HKEX move has “certainly increased the visibility of Chinese biopharmas to the outside world, and also to financial investors,” said Chen, who thinks this has also caused some western firms to consider their China strategy, both for fundraising and commercialization. There is a counterweight, however, in the form of the U.S.’s Committee on Foreign Investment (CFIUS) initiative that is scrutinizing Chinese investment in U.S. biotechs.

“This has already impacted Chinese investment in US biotechs,” noted Chen. “For example, Momenta’s biosimilar spin out was reported to have a lot of Chinese buyer interest, but all pulled out due to potential CFIUS considerations.”

One area in which China is making big gains is in the regulatory environment, which will help China consolidate on this in 2019 and beyond, suggested a recent report from McKinsey.

National Medical Products Administration (NMPA) reforms have been happening at a rapid pace, with escalating numbers of drug applications with priority review in the face of increased public engagement on medicines access. The latter was triggered in part by a hugely successful movie called Dying to Survive—a comedy about illegally importing leukemia drugs—which raised $200 million in its opening weekend and brought the issue of access to a wide audience.

Faster review of applications for clinical trials is also helping: With the latest amendment to the NMPA’s review process, applications are approved if the agency does not respond within 60 working days of filing.

McKinsey also noted that while China investments have poured into U.S. biotechs, trade tensions might create headwinds going forward.

Talent tug of war

Another sign of China’s development can be seen in the migration of talent, particularly multinational pharma companies bleeding top China-based executives to the country’s emerging biotech leaders, said McKinsey.

Prominent examples are the defections of China R&D heads at Eli Lilly, Sanofi and Janssen respectively to Innovent, C-Stone and I-Mab Biopharma. However, a poll of company of senior executives from multinationals in China also found they feel China still lacks high-quality talent to support “sustainable” biopharma innovation. The industry is experiencing a significant talent shortage that is expected to persist for the next 2-3 years, said McKinsey.
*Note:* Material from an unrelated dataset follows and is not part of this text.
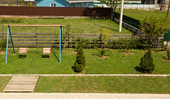 - детская площадка, с качелями, с горкой и т. д.

The survey suggested that accelerated review and approval, an improved reimbursement for innovative therapies, rising healthcare investment and stronger R&D capabilities are all helping to build the sector, but there are still gaps—sometimes significant—compared to the U.S. The novelty of innovative assets is also still lagging, for example, but with the local innovative pipeline growing overall and more Chinese companies in in-licensing programs, there are clear signs that the “innovation ecosystem” is improving.
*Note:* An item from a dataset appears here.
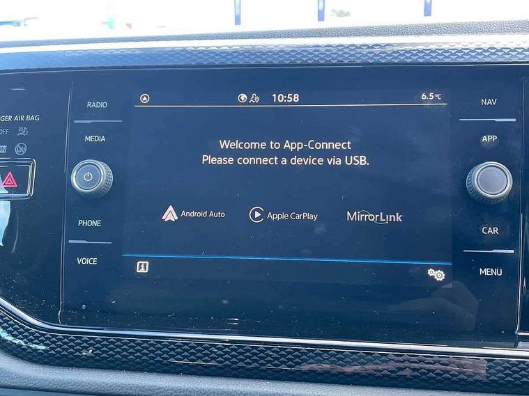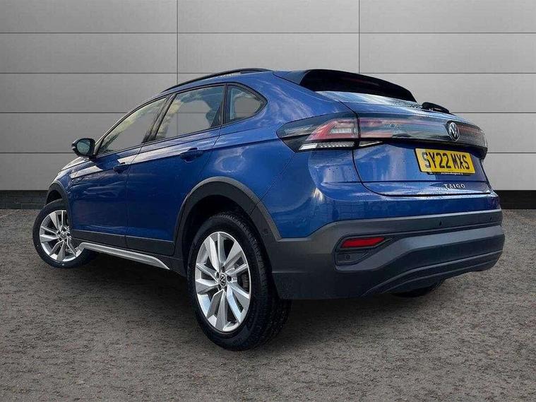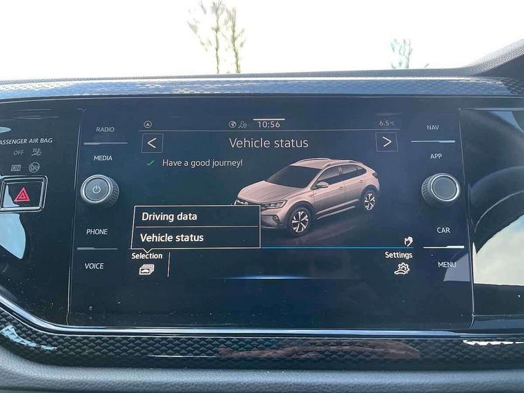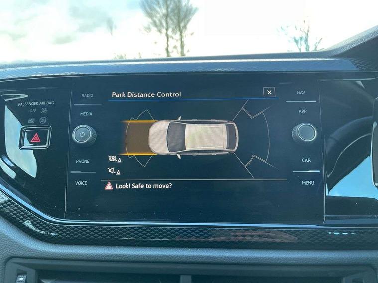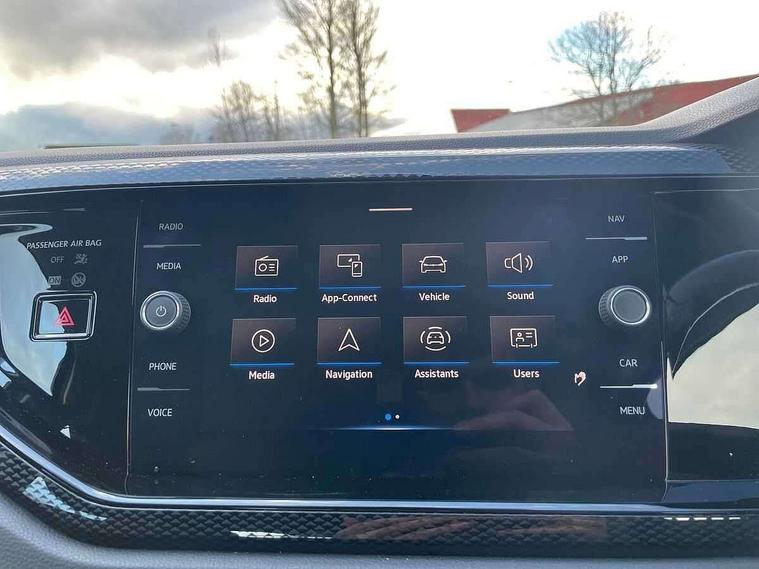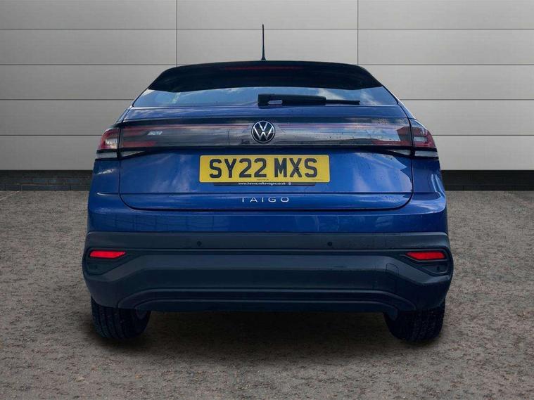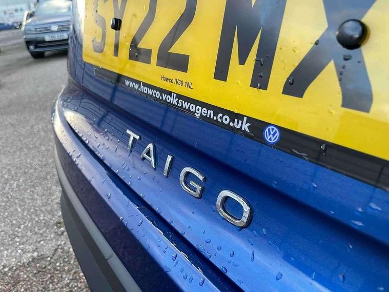App-Connect including App-Connect Wireless, Driver alert system, e-Call (emergency call), Power Steering, Travel assist including emergency assist, Washer fluid level indicator, Wireless Charging including Bluetooth, Start-stop system with battery regeneration (recuperation - energy recovery during braking), Digital radio reception (DAB+), Diversity antenna for FM reception, WeConnect plus, Ambient lighting with logo projection, Aspherical driver's exterior mirror, Body coloured bumpers, Body coloured exterior mirror housings and door handles, Electric windows, External USB type C socket and charging sockets, Front fog lamps with cornering function, Headlight range control, Heat insulating glass windscreen, LED headlamps, LED rear combination lamp, LED third brake light, Left convex exterior mirror, Power folding adjustable/heated exterior mirrors and front passenger exterior mirror lowering function, Rear fog light on one side, reversing light on both sides, Rear wash/wipe with intermittent wipe setting, 'Slash/ Austin' Cloth upholstery, 12V socket in centre console, 2 front reading lights, 3 rear head restraints, Black carpets, Child seat anchor for child seat system i-Size, 2x top tether and child seat anchor in front on front passenger side, Door and side trim panels in titan black, Driver and front passenger seat height adjustment, Front centre armrest, Handbrake lever handle in leather, Height and reach adjustable steering wheel, Leather trimmed gear knob, Leather wrapped multifunction steering wheel, Luggage compartment floor, Luggage compartment light, Lumbar support for driver's and front passengers seat, Seat covers in titanium black, Split folding backrest with centre armrest and unsplit rear seat bench, Storage compartment under front seats, Sun visors with illuminated vanity mirrors, Chrome Package - Taigo, Drivers assistance pack - Taigo, Light and Sight pack including High beam assist - Taigo, 2 x 3-point seatbelts/outer rear seats with ECE label, 3-point seat belts in front with pretensioner and height adjustment, 3-point seatbelt for centre rear seat, Driver and front passenger airbags with front passenger airbag de-activation, front side and curtain airbags, Driver and front passenger safety-optimised head restraints, Electronic stability control, Extended and predictive pedestrian/ cyclist protection, Front and rear disc brakes, Front curtain and side airbags with center airbag, Hill start assist, Single tone horn, Tyre pressure loss indicator, Anti-theft alarm system with interior monitoring, backup horn, and towing protection, Anti-theft wheel bolts, Lava stone black gloss/matt decorative inserts in dash and front door panels, Low rolling resistance tyres,

The changing environment stems in part from “the decade-plus investments and encouragement of biotech by the Chinese government, companies and investors finally bearing some fruit,” according to Chen.

There are some areas where China is threatening to overtake the west in biotech R&D and lose its reputation as a "fast-follower." The first human trials of CRISPR gene-editing took place there, for example, and some observers believe the country is becoming a powerhouse when it comes to applying artificial intelligence to healthcare.

Chen thinks the fast-follower approach will still be around for a long time to come. “Being a fast-follower is a viable and, some would suggest, better strategy,” she points out. “This is the ‘first-in-class’ versus the ‘best-in-class’ debate that Western pharmas have had for decades."